Sorrow sorrow sorrow
As I watch my beloved
Kiss another woman,
Watching as he fought
With her flowery dress
Striping it down her feet in our matrimonial space,
Gazing at her intently,
Like a predator watching
It's prey, laying her slowly
On the bed as he worship
Her feet to her bosom.
giving her a Deep
passionate kiss
Of longing and desire.
A desire of the body and soul
Lost in her lustful enchanting
Eyes and physic like that
Of a goddess.
Sorrow sorrow sorrow
As I can do nothing for I fear
The outcome of my outcry
And what could go wrong
If I voice out my anguish.
Locked in the wardrobe
Watching the intense heat
Of intimate romance,
Created a hot atmosphere
That burns in my heart
Despite the cold whether
Of the night
I wish i was blind,
I wish i was blind to
Witness such moment,
I wish i was deaf not to
Hear the sound of her
Soft moans of pleasure,
I wish i was beautiful enough
Perhaps attractive
To keep my man
From lusting over
Another woman
What did I do wrong?
Where's my fault?
Why do I feel so much pain?
Why does my heart feel so
Heavy like a Lifeless mortal?
Why do i want to cry
But got no tears left?
My eyes are left with no
Tears to weep out the
agonizing misery and
hate that engulfed me
Worst of all is,
Why do I still love him?
Why does my heart
Crave for him more than ever
I want to despise him
But I can not bring myself to,
I want to hate every
Fiber of him but my heart
Seems so compassionate
Why me?
Why do I have to go through this?
Sorrow sorrow sorrow
For I crave a man who
Doesn't adore me,
Sorrow sorrow sorrow
That I hate myself for
Loving thou who despise me
Sorrow sorrow sorrow
For I can do nothing but
Watch and wait for my demise
Or a day he'll look me in
the eyes With desire, lust
and undeniable Passion,
As he does to the other woman,
Hoping for a day he will
Acknowledge my presence
And the longing my soul had
Endured and waited for
Sorrow sorrow sorrow
I'm afraid I'll never
experience that
Day, for it seems a fantasy.
“Hold on, am I hallucinating?
If I feel so much pain
Why then did I stay?
Why is my shadow
Still wandering this place?
I can leave if I want to
Why am I not miles away
From this place?
Why do i still believe
I could find happiness here
Despite the cruelty
thrown at me.
With utter disrespect and
Disregard of my feelings
What's keeping me here?
What am I so scared of?
Why am I afraid to leave
When there's absolutely
No reason to stay?
Am I obsessed?
No!
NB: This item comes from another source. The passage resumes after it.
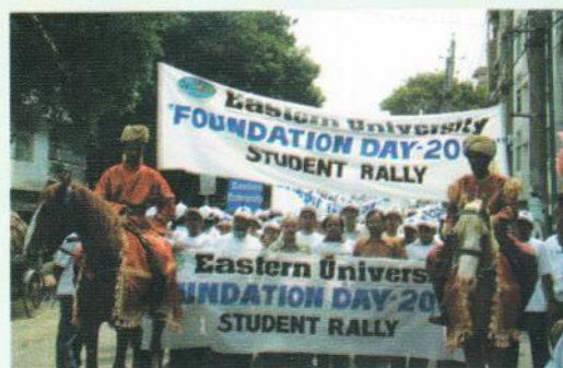
Foundation Day Rally

I'm not.
Hope, Hope is it
The hope of uncertainty,
The hope of what
could go wrong or right
The hope of waking up
And wishing it was
All a dream.
Hope kept me here
Hope kept me waiting
To be set free from myself,
From the cage of pain,
Regret and fear of
What could unfold
In the future.
Hope is turning me into a
Prisoner in the cell of my making.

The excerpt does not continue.